Merge branch 'master' into copilot/fix-2779f837-79a9-4b3c-b3a3-48a6ab7d437f

araffin · web-flow · commit 9c314ef39360 · 2025-11-14T18:04:15.000+01:00
diff --git a/CONTRIBUTING.md b/CONTRIBUTING.md
@@ -33,7 +33,7 @@ cd stable-baselines3/
 2. Install Stable-Baselines3 in develop mode, with support for building the docs and running tests:
 
 ```bash
-pip install -e .[docs,tests,extra]
+pip install -e '.[docs,tests,extra]'
 ```
 
 ## Codestyle
diff --git a/README.md b/README.md
@@ -210,7 +210,7 @@ Actions `gymnasium.spaces`:
 ## Testing the installation
 ### Install dependencies
 ```sh
-pip install -e .[docs,tests,extra]
+pip install -e '.[docs,tests,extra]'
 ```
 ### Run tests
 All unit tests in stable baselines3 can be run using `pytest` runner:
diff --git a/docs/guide/export.rst b/docs/guide/export.rst
@@ -29,16 +29,15 @@ to do inference in another framework.
 
 
 Export to ONNX
------------------
+--------------
 
 
 If you are using PyTorch 2.0+ and ONNX Opset 14+, you can easily export SB3 policies using the following code:
 
 
 .. warning::
 
-  The following returns normalized actions and doesn't include the `post-processing <https://github.com/DLR-RM/stable-baselines3/blob/a9273f968eaf8c6e04302a07d803eebfca6e7e86/stable_baselines3/common/policies.py#L370-L377>`_ step that is done with continuous actions
-  (clip or unscale the action to the correct space).

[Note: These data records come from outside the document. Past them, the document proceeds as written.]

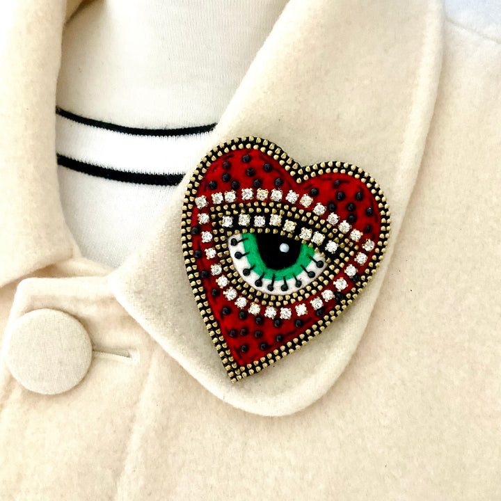 This brooch depicts a red heart with an eye at its center. Brooch measures approximately 2 x 3".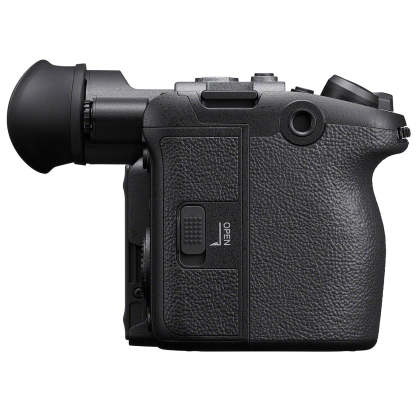 Keep focused on shooting even in bright or distracting environments, thanks to an OLED viewfinder with approximately 3.68 million dots. Magnification is 0.70x (50 mm lens, infinity focus, -1 m-1 dioptre), and the angle of view and eyepoint are optimized for video recording. The viewfinder itself can be rotated from 0° to +90° for easy viewing at just about any angle, and the eye cup can be removed or reversed left-to-right as necessary.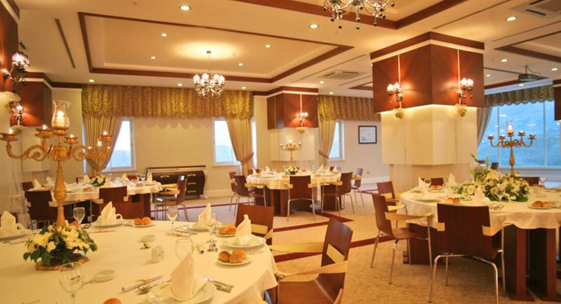 Бари та ресторани: головний ресторан розрахований на 700 осіб (критий, з кондиціонером, літня тераса, дитяче меню, дієтичне меню, дитячі стільці), лобі-бар (10:00-24:00), бар на пляжі (10:00- 18:00), бар біля басейну (10:00-18:00), SPA-вітамін-бар (10:00-19:00, платно), Zodiak-бар (18:00-24:00), диско- бар (24:00-02:00, платно), Gold Mey (12:00-24:00). 4 ресторани A la Carte: міжнародний, японський, турецька - платно, за попередньою резервацією; міжнародний – відвідування безкоштовно 1 раз на тиждень, за попередньою резервацією.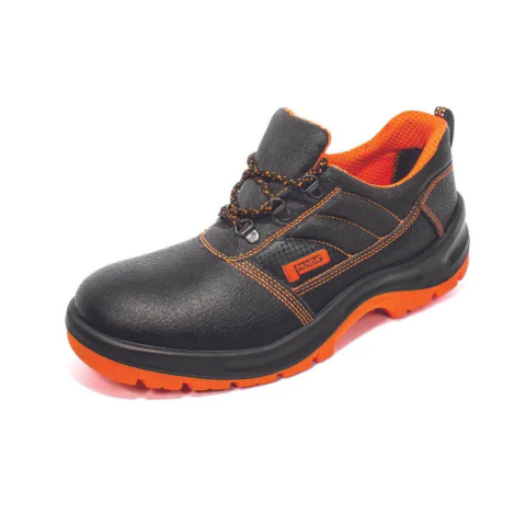 Anyag: Lábujjvédő: fém Felső rész: hasítottbőr Talp: dupla sűrűségű poliuretán Bélés: poliészter háló Leírás: Biztonsági félcipő acél lábujjvédővel. Dupla sűrűségű poliuretánból készült antisztatikus külső talppal, amely kopás- és olajálló, csúszásgá
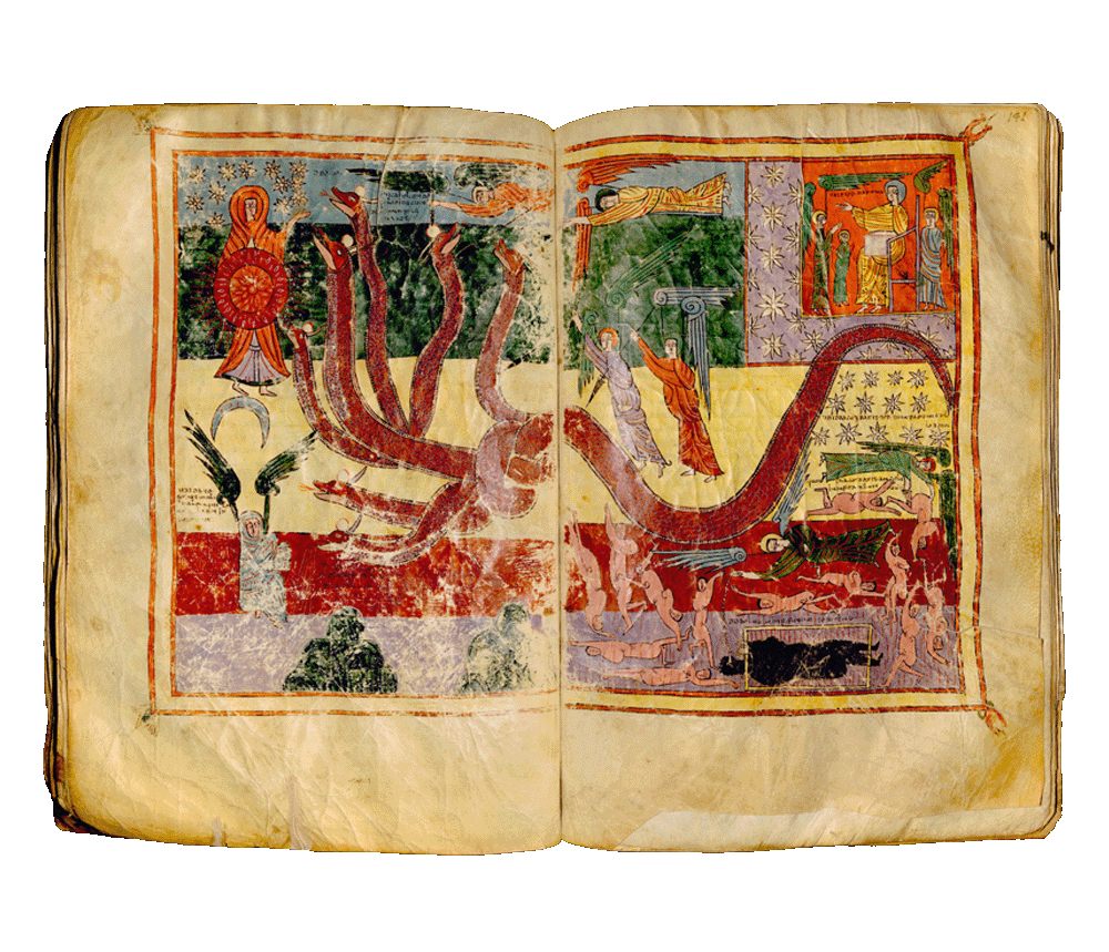 Anònim. Beat de la Seu d’Urgell, La dona i el Drac. Apocalipsi XI, Ms 26 f° 140v 141, segle X. Pergamí cal·ligrafiat i il·lustrat. Provinent de la Catedral de la Seu d’Urgell.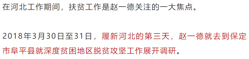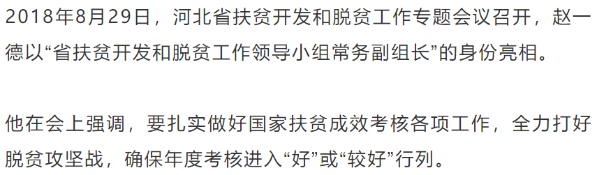 2018年4月4日至6日,就打好脱贫攻坚战到承德市调研。 4月12日至14日,就推进精准扶贫精准脱贫到衡水市调研。 4月21日,河北省扶贫开发和脱贫工作领导小组召开全体会议,赵一德参加会议并通报考核情况。 4月27日,就打好脱贫攻坚战又来到邢台市调研。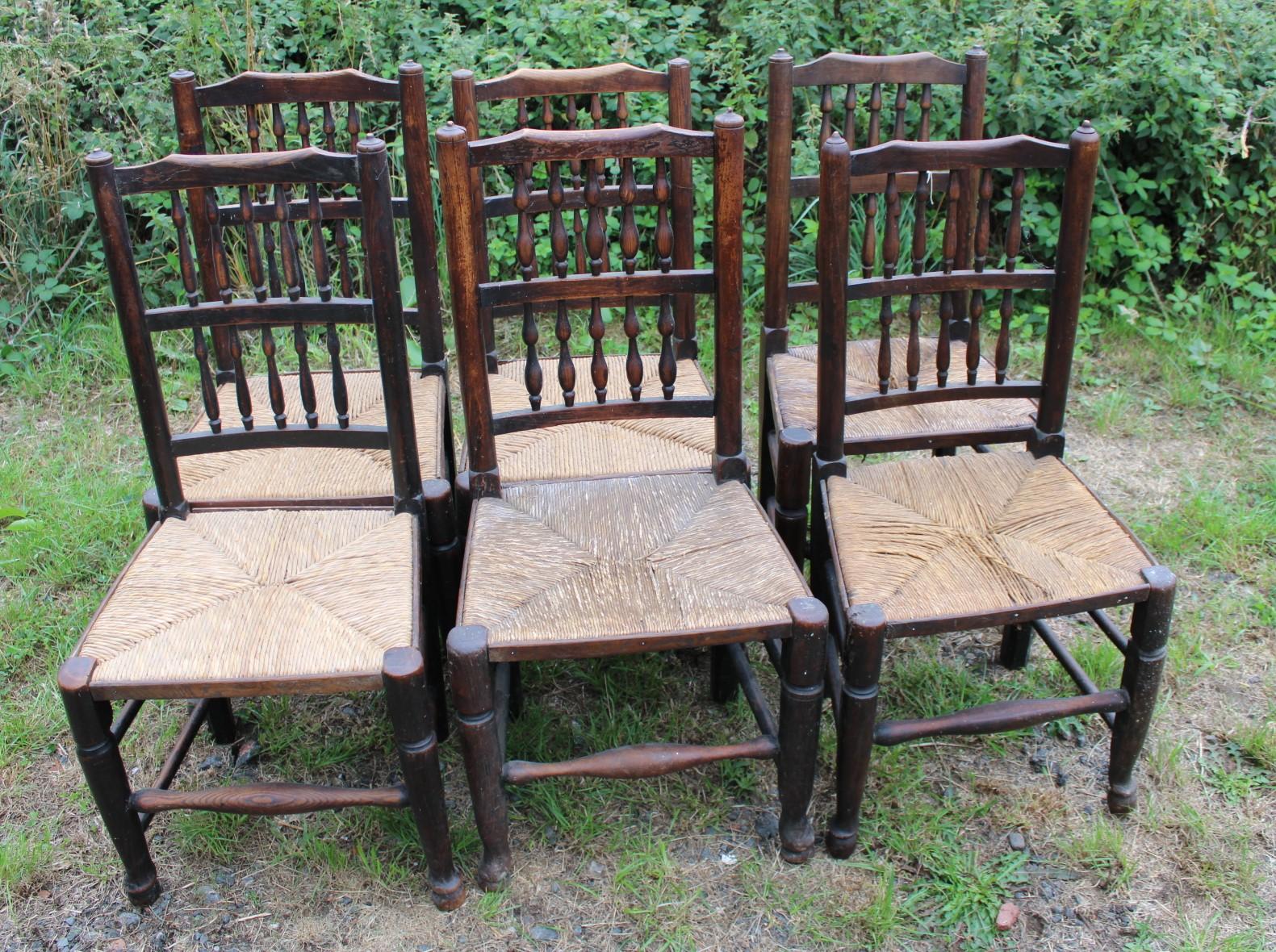 Set of 6 Oak Harlequin Set Spindleback Chairs Rush Seats c.1900

+  The following returns normalized actions and doesn't include the `post-processing <https://github.com/DLR-RM/stable-baselines3/blob/a9273f968eaf8c6e04302a07d803eebfca6e7e86/stable_baselines3/common/policies.py#L370-L377>`_ step that is done with continuous actions (clip or unscale the action to the correct space).
 
 
 .. code-block:: python
@@ -192,11 +191,159 @@ There is a draft PR in the RL Zoo about C++ export: https://github.com/DLR-RM/rl
   action_jit = loaded_module(dummy_input)
 
 
-Export to tensorflowjs / ONNX-JS
---------------------------------
+Export to ONNX-JS / ONNX Runtime Web
+------------------------------------
 
-TODO: contributors help is welcomed!
-Probably a good starting point: https://github.com/elliotwaite/pytorch-to-javascript-with-onnx-js
+Official documentation: https://onnxruntime.ai/docs/tutorials/web/build-web-app.html
+
+Full example code: https://github.com/JonathanColetti/CarDodgingGym
+
+Demo: https://jonathancoletti.github.io/CarDodgingGym
+
+The code linked above is a complete example (using car dodging environment) that:
+
+1. Creates/Trains a PPO model
+2. Exports the model to ONNX along with normalization stats in JSON
+3. Runs in the browser with normalization using onnxruntime-web to achieve similar results
+
+Below is a simple example with converting to ONNX then inferencing without postprocess in ONNX-JS
+
+.. code-block:: python
+
+  import torch as th
+
+  from stable_baselines3 import SAC
+
+
+  class OnnxablePolicy(th.nn.Module):
+      def __init__(self, actor: th.nn.Module):
+          super().__init__()
+          self.actor = actor
+
+      def forward(self, observation: th.Tensor) -> th.Tensor:
+          # NOTE: You may have to postprocess (unnormalize or renormalize)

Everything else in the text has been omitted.